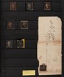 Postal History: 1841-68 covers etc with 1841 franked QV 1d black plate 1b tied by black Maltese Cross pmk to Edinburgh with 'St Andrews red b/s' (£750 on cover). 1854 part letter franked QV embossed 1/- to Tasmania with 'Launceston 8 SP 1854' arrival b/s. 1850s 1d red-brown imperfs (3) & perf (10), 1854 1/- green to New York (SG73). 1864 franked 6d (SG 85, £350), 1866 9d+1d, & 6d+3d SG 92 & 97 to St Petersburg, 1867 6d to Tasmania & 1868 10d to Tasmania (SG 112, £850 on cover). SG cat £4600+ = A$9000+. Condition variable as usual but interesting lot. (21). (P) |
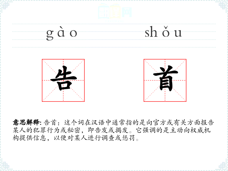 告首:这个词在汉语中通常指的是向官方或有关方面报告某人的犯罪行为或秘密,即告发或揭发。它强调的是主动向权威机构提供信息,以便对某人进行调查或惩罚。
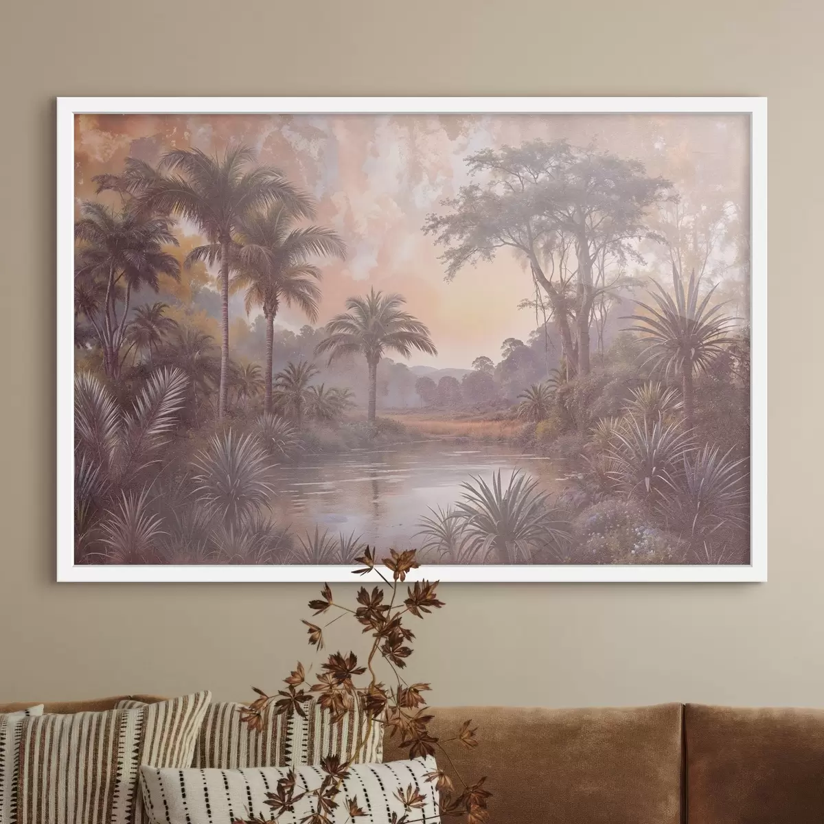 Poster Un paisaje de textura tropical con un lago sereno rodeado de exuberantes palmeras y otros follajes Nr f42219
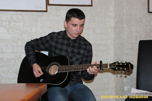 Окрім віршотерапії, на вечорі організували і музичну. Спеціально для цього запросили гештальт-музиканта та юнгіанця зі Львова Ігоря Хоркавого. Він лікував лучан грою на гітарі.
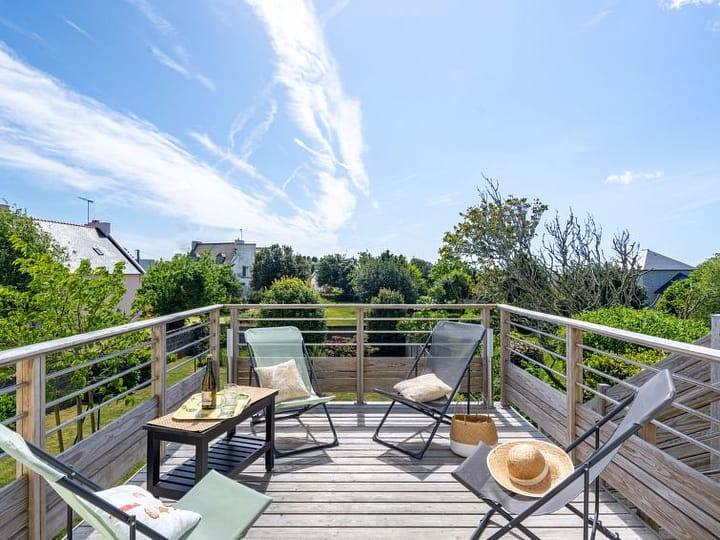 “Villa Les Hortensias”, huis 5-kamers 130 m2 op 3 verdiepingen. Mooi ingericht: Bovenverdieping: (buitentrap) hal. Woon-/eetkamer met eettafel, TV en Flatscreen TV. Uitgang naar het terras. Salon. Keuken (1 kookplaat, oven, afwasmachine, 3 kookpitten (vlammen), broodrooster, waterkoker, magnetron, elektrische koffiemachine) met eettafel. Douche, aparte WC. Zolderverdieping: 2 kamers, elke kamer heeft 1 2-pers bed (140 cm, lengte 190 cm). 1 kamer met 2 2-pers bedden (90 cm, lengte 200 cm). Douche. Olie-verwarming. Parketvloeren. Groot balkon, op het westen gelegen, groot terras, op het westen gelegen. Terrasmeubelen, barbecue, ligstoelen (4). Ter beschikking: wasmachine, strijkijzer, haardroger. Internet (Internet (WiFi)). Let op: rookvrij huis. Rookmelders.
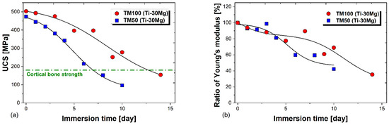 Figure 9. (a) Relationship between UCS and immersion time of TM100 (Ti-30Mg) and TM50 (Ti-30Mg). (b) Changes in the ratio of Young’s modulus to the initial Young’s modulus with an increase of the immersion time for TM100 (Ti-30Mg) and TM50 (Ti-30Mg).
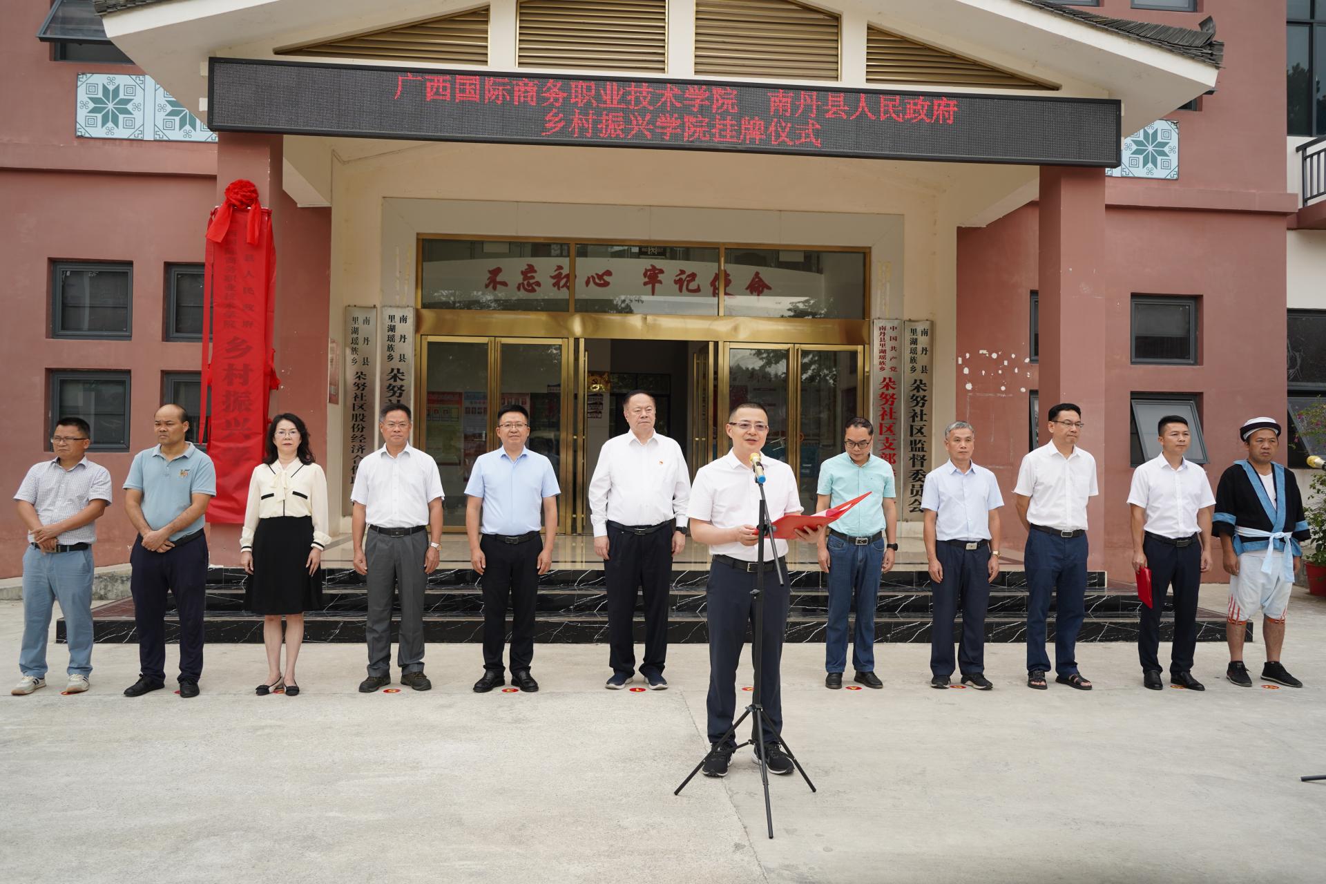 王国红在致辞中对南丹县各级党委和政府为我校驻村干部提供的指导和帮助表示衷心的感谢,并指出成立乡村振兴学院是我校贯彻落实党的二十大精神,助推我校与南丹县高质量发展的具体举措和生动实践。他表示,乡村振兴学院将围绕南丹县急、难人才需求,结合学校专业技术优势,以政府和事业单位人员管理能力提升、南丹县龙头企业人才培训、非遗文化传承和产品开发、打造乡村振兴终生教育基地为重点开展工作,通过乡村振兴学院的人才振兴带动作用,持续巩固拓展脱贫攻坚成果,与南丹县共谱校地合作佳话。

[Exercise aim] Return every line of the records exactly as given, pictures excluded.

[Result]
 Postal History: 1841-68 covers etc with 1841 franked QV 1d black plate 1b tied by black Maltese Cross pmk to Edinburgh with 'St Andrews red b/s' (£750 on cover). 1854 part letter franked QV embossed 1/- to Tasmania with 'Launceston 8 SP 1854' arrival b/s. 1850s 1d red-brown imperfs (3) & perf (10), 1854 1/- green to New York (SG73). 1864 franked 6d (SG 85, £350), 1866 9d+1d, & 6d+3d SG 92 & 97 to St Petersburg, 1867 6d to Tasmania & 1868 10d to Tasmania (SG 112, £850 on cover). SG cat £4600+ = A$9000+. Condition variable as usual but interesting lot. (21). (P) |
 告首:这个词在汉语中通常指的是向官方或有关方面报告某人的犯罪行为或秘密,即告发或揭发。它强调的是主动向权威机构提供信息,以便对某人进行调查或惩罚。
 Poster Un paisaje de textura tropical con un lago sereno rodeado de exuberantes palmeras y otros follajes Nr f42219
 Окрім віршотерапії, на вечорі організували і музичну. Спеціально для цього запросили гештальт-музиканта та юнгіанця зі Львова Ігоря Хоркавого. Він лікував лучан грою на гітарі.
 “Villa Les Hortensias”, huis 5-kamers 130 m2 op 3 verdiepingen. Mooi ingericht: Bovenverdieping: (buitentrap) hal. Woon-/eetkamer met eettafel, TV en Flatscreen TV. Uitgang naar het terras. Salon. Keuken (1 kookplaat, oven, afwasmachine, 3 kookpitten (vlammen), broodrooster, waterkoker, magnetron, elektrische koffiemachine) met eettafel. Douche, aparte WC. Zolderverdieping: 2 kamers, elke kamer heeft 1 2-pers bed (140 cm, lengte 190 cm). 1 kamer met 2 2-pers bedden (90 cm, lengte 200 cm). Douche. Olie-verwarming. Parketvloeren. Groot balkon, op het westen gelegen, groot terras, op het westen gelegen. Terrasmeubelen, barbecue, ligstoelen (4). Ter beschikking: wasmachine, strijkijzer, haardroger. Internet (Internet (WiFi)). Let op: rookvrij huis. Rookmelders.
 Figure 9. (a) Relationship between UCS and immersion time of TM100 (Ti-30Mg) and TM50 (Ti-30Mg). (b) Changes in the ratio of Young’s modulus to the initial Young’s modulus with an increase of the immersion time for TM100 (Ti-30Mg) and TM50 (Ti-30Mg).
 王国红在致辞中对南丹县各级党委和政府为我校驻村干部提供的指导和帮助表示衷心的感谢,并指出成立乡村振兴学院是我校贯彻落实党的二十大精神,助推我校与南丹县高质量发展的具体举措和生动实践。他表示,乡村振兴学院将围绕南丹县急、难人才需求,结合学校专业技术优势,以政府和事业单位人员管理能力提升、南丹县龙头企业人才培训、非遗文化传承和产品开发、打造乡村振兴终生教育基地为重点开展工作,通过乡村振兴学院的人才振兴带动作用,持续巩固拓展脱贫攻坚成果,与南丹县共谱校地合作佳话。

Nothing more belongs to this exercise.